### COLLECTED DATA
· · · · ·

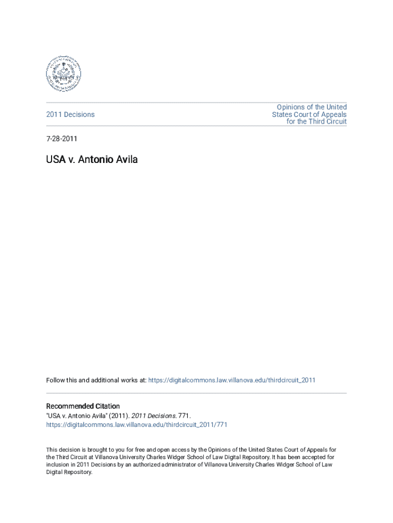 2011 DecisionsOpinions of the United States Court of Appeals for the Third Circuit7282011USA v. Antonio AvilaFollow this and additional works at: https://digitalcommons.law.villanova.edu/thirdcircuit_2011Recommended
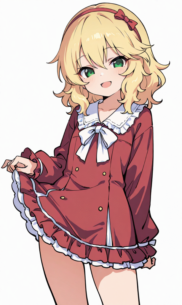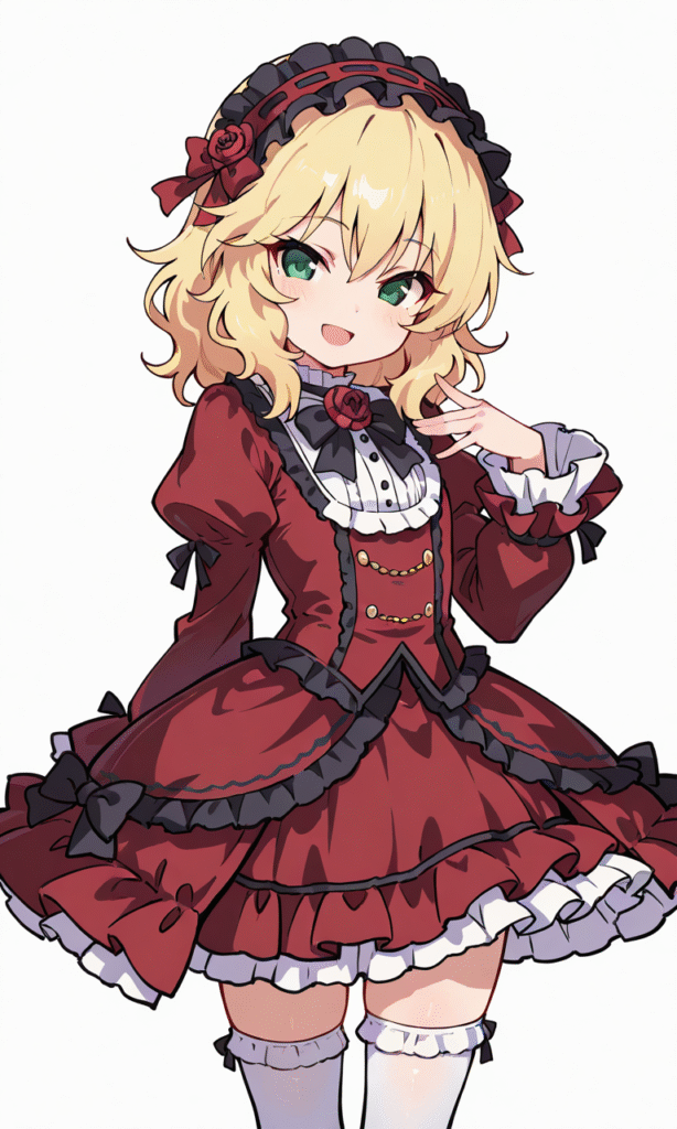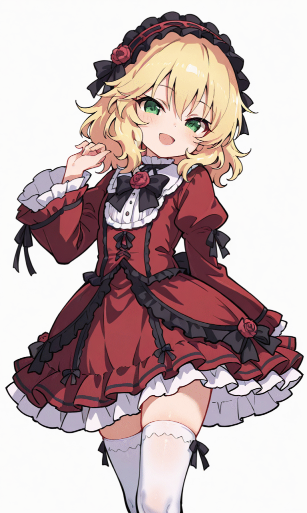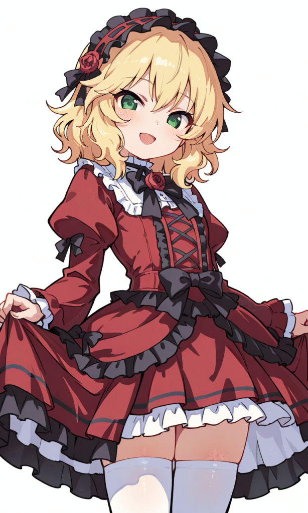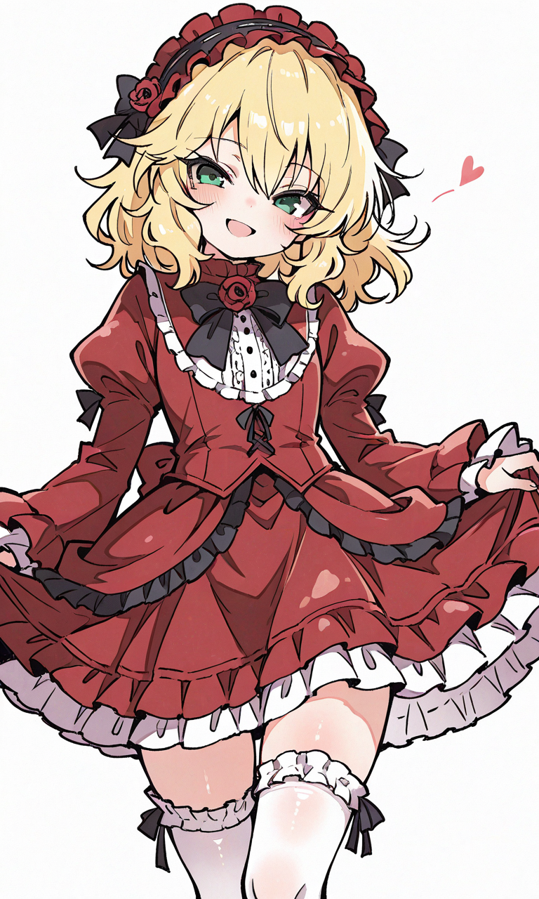 PixAI【Shiitake-Mix】sakurai momoka, smile,open mouth,red Gothic Lolita, white thighhighs, cowboy shot,simplebackground,white background, masterpiece,high quality, high resolution
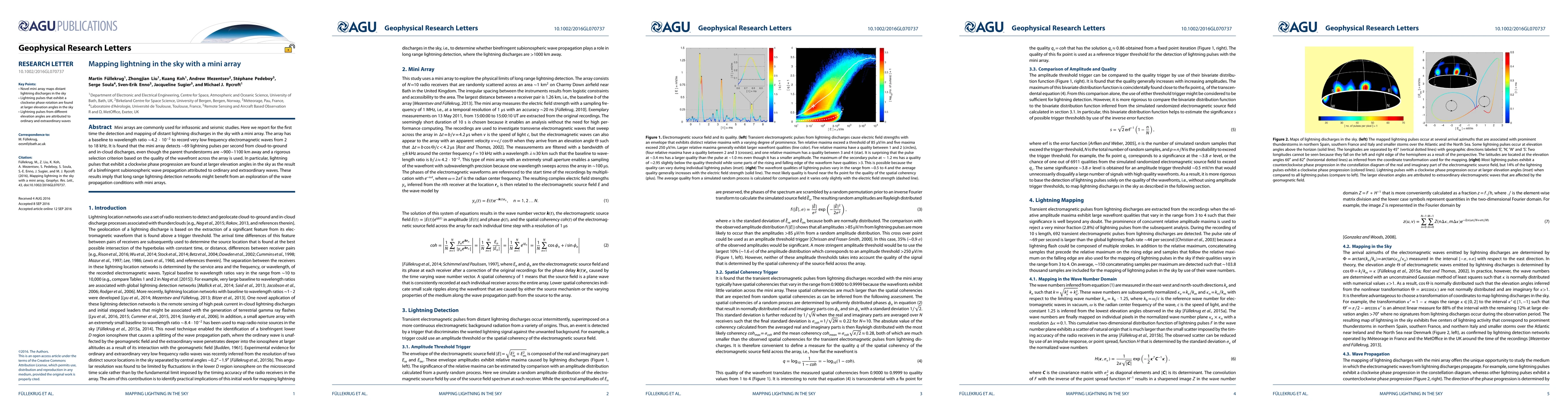 Mini arrays are commonly used for infrasonic and seismic studies. Here we report for the first time the detection and mapping of distant lightning discharges in the sky with a mini array. The array has a baseline to wavelength ratio $\sim$4.2 ${ \cdot}$ $10^{-2}$ to record very low frequency electromagnetic waves from 2 to 18 kHz. It is found that the mini array detects $\sim$69 lightning pulses per second from cloud-to-ground and in-cloud discharges, even though the parent thunderstorms are $\sim$900-1100 km away and a rigorous selection criterion based on the quality of the wavefront across the array is used. In particular, lightning pulses that exhibit a clockwise phase progression are found at larger elevation angles in the sky as the result of a birefringent subionospheric wave propagation attributed to ordinary and extraordinary waves. These results imply that long range lightning detection networks might benefit from an exploration of the wave propagation conditions with mini arrays.

· · · · ·

### YOUR TASK
Output each line above exactly as it stands, omitting the pictures.

### ANSWER TO THIS PROBLEM
 2011 DecisionsOpinions of the United States Court of Appeals for the Third Circuit7282011USA v. Antonio AvilaFollow this and additional works at: https://digitalcommons.law.villanova.edu/thirdcircuit_2011Recommended
 PixAI【Shiitake-Mix】sakurai momoka, smile,open mouth,red Gothic Lolita, white thighhighs, cowboy shot,simplebackground,white background, masterpiece,high quality, high resolution
 Mini arrays are commonly used for infrasonic and seismic studies. Here we report for the first time the detection and mapping of distant lightning discharges in the sky with a mini array. The array has a baseline to wavelength ratio $\sim$4.2 ${ \cdot}$ $10^{-2}$ to record very low frequency electromagnetic waves from 2 to 18 kHz. It is found that the mini array detects $\sim$69 lightning pulses per second from cloud-to-ground and in-cloud discharges, even though the parent thunderstorms are $\sim$900-1100 km away and a rigorous selection criterion based on the quality of the wavefront across the array is used. In particular, lightning pulses that exhibit a clockwise phase progression are found at larger elevation angles in the sky as the result of a birefringent subionospheric wave propagation attributed to ordinary and extraordinary waves. These results imply that long range lightning detection networks might benefit from an exploration of the wave propagation conditions with mini arrays.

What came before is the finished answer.